Five years after Washington inaugurated its “shock and awe” campaign, striking Baghdad with cruise missiles and precision-guided bombs, it has become abundantly clear that the war of aggression against Iraq has produced the greatest geo-political disaster in American history.
The war’s costs, in terms of both US imperialism’s global position and sheer dollar amounts, have eclipsed the immense damage wrought by the protracted intervention in Vietnam nearly four decades ago. It has already lasted longer than the American Civil War, World War I, World War II and the Korean War.
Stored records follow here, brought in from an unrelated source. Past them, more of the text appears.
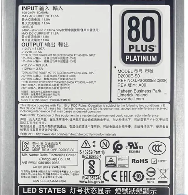 D2000E-S0 For R940 R840 R740 R740XD 2000W Server EPP Power Supply 0VWWF1 VWWF1 0J5WMG J5WMG
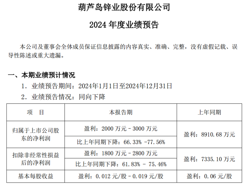 1月中下旬,锌业股份发布2024年业绩预告,其中提到,预计公司2024年归属于上市公司股东的净利润在2000~3000万元,相比去年同期下降66.33%~77.56%。
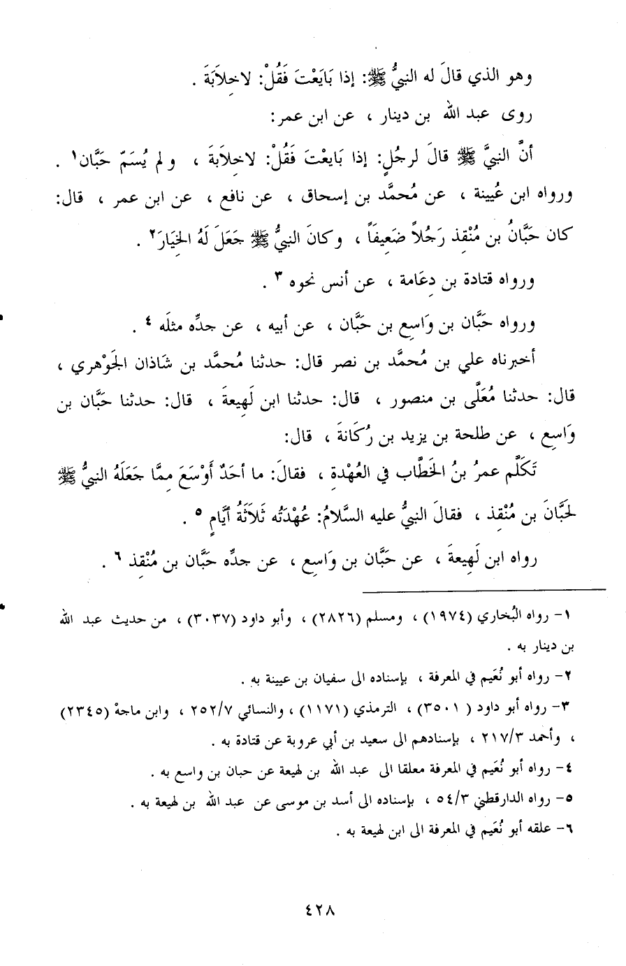 أخبرناه علي بن محمد بن نصر قال: حدثنا محمد بن شاذان الجوهري، قال: حدثنا معلى بن منصور، قال: حدثنا ابن لهيعة، قال: حدثنا حبان بن واسع، عن طلحة بن يزيد بن ركانة، قال: تكلم عمر بن الخطاب في العهدة، فقال: ما أحد أوسع مما جعله النبي صلى الله عليه وسلم لحبان بن منقذ، فقال النبي عليه السلام: عهدته ثلاثة أيام.
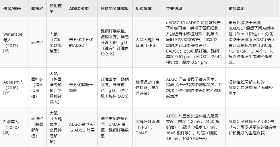 - 面神經:觸須運動評分和面癱評分系統均顯示ADSC組功能顯著改善;動物實驗證實dADSC使觸須運動角度提升近5倍(9.22°vs1.90°)。
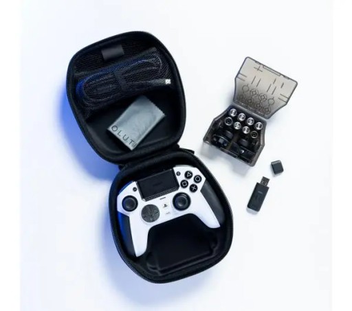 - Wyposażenie: futerał/pokrowiec, instrukcja obsługi, kabel USB, wymienne moduły, nadajnik USB, nakładki na analogi
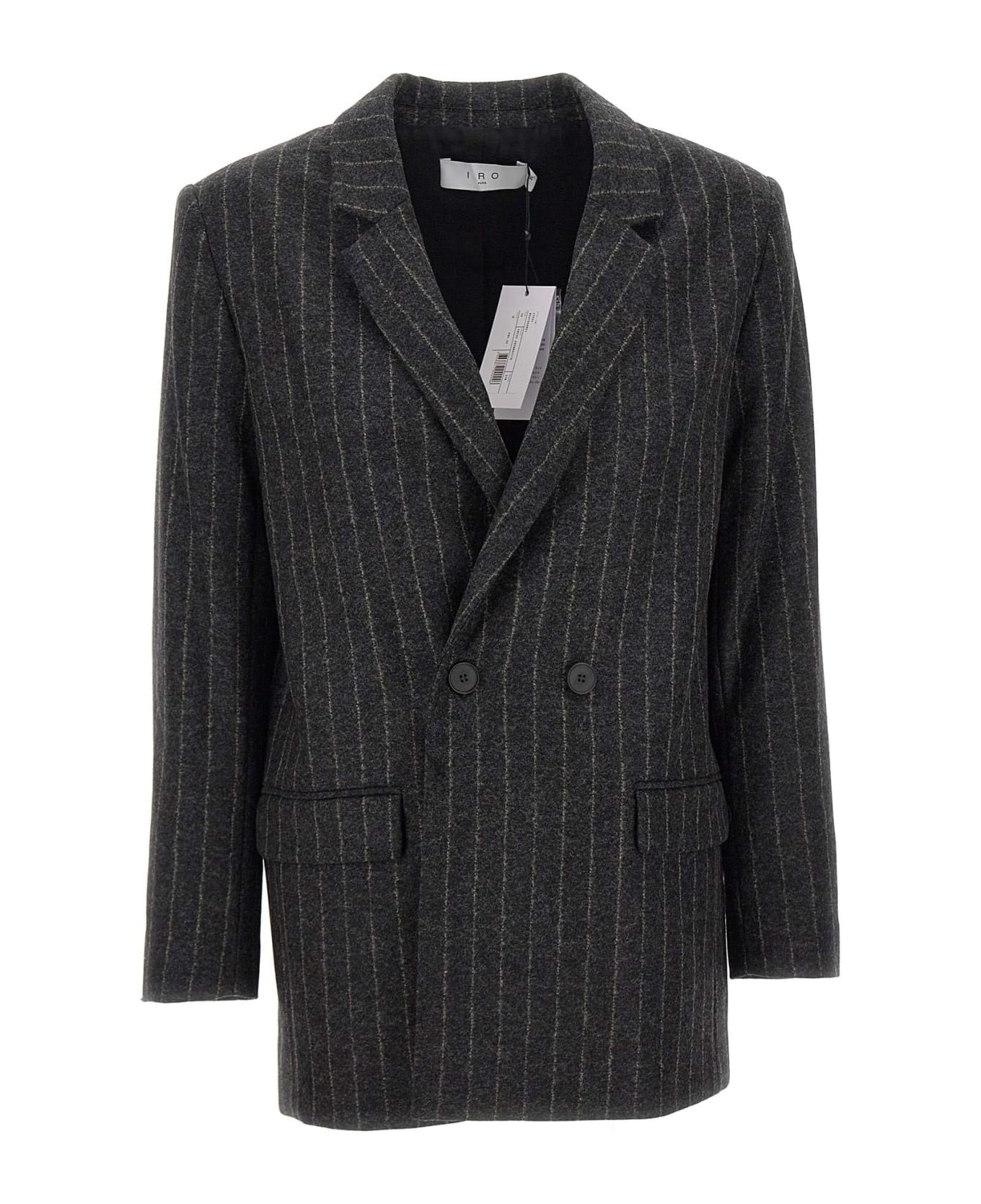 Iro "Donesi" woman wool blazer, pinstripe on smoke grey background, lapel collar, double-breasted closure with two matching buttons, two front pockets, cuffs with four buttons, cotton blend lining, comfort fit.

Even in Vietnam, after five years of major troop deployments, the withdrawal of American forces had already begun.
A “war of choice” that was launched as a demonstration of the overwhelming and irresistible force of American militarism has turned into an operational debacle that has strained the US armed forces to the breaking point and eroded the strategic position of the United States in every corner of the world.
The reality is that five years after a US invasion that was expected by its organizers to swiftly replace the government of Saddam Hussein with a stable US client regime, 160,000 US troops remain deployed in the country and—as the extraordinary security measures surrounding Cheney, even in the fortified Green Zone, make clear—no area can be claimed to be fully secure.
What is happening is that the same media that promulgated the lies used to promote the war in 2002 and 2003 is now—more than five years later—largely promoting the official story that the so-called surge launched by the Bush administration over a year ago has pacified the country, leading to a marked improvement in conditions there.
The mounting of the US death toll to 4,000—900 having been killed since the “surge” began—does not fit into this good news story. Therefore, it has received far less coverage than when the death toll topped 1,000 in September 2004, 2,000 in October 2005 and 3,000 in December 2006.
In reality, this appalling new statistic does not begin to reveal the massive human cost of the Iraq war. It has been estimated that for every fatality in Iraq, 15 troops are wounded—an unprecedented ratio attributable to better protective gear and improved medical technology. Many tens if not hundreds of thousands more have suffered serious psychological damage from their participation in a brutal colonial war.
According to credible estimates, for every American soldier and Marine killed in Iraq, some 250 Iraqis have lost their lives over the five years since the US invaded and occupied the country.
The prominent British polling agency, ORB, produced an estimate of 1.2 million civilian deaths last September, a figure that closely tracked the findings of a public health survey conducted 18 months earlier by a team of scientists from Johns Hopkins University, which placed the most likely Iraqi death toll at 665,000 as of early 2006.
In addition to the dead, over 4 million Iraqis have been driven from their homes by violence—half of them forced into exile and the rest becoming refugees in their own country. Tens of thousands of Iraqis are imprisoned without charges in a US-run gulag, where many have faced torture and ill-treatment. Since the “surge,” the numbers of Iraqis arrested daily by US forces has doubled.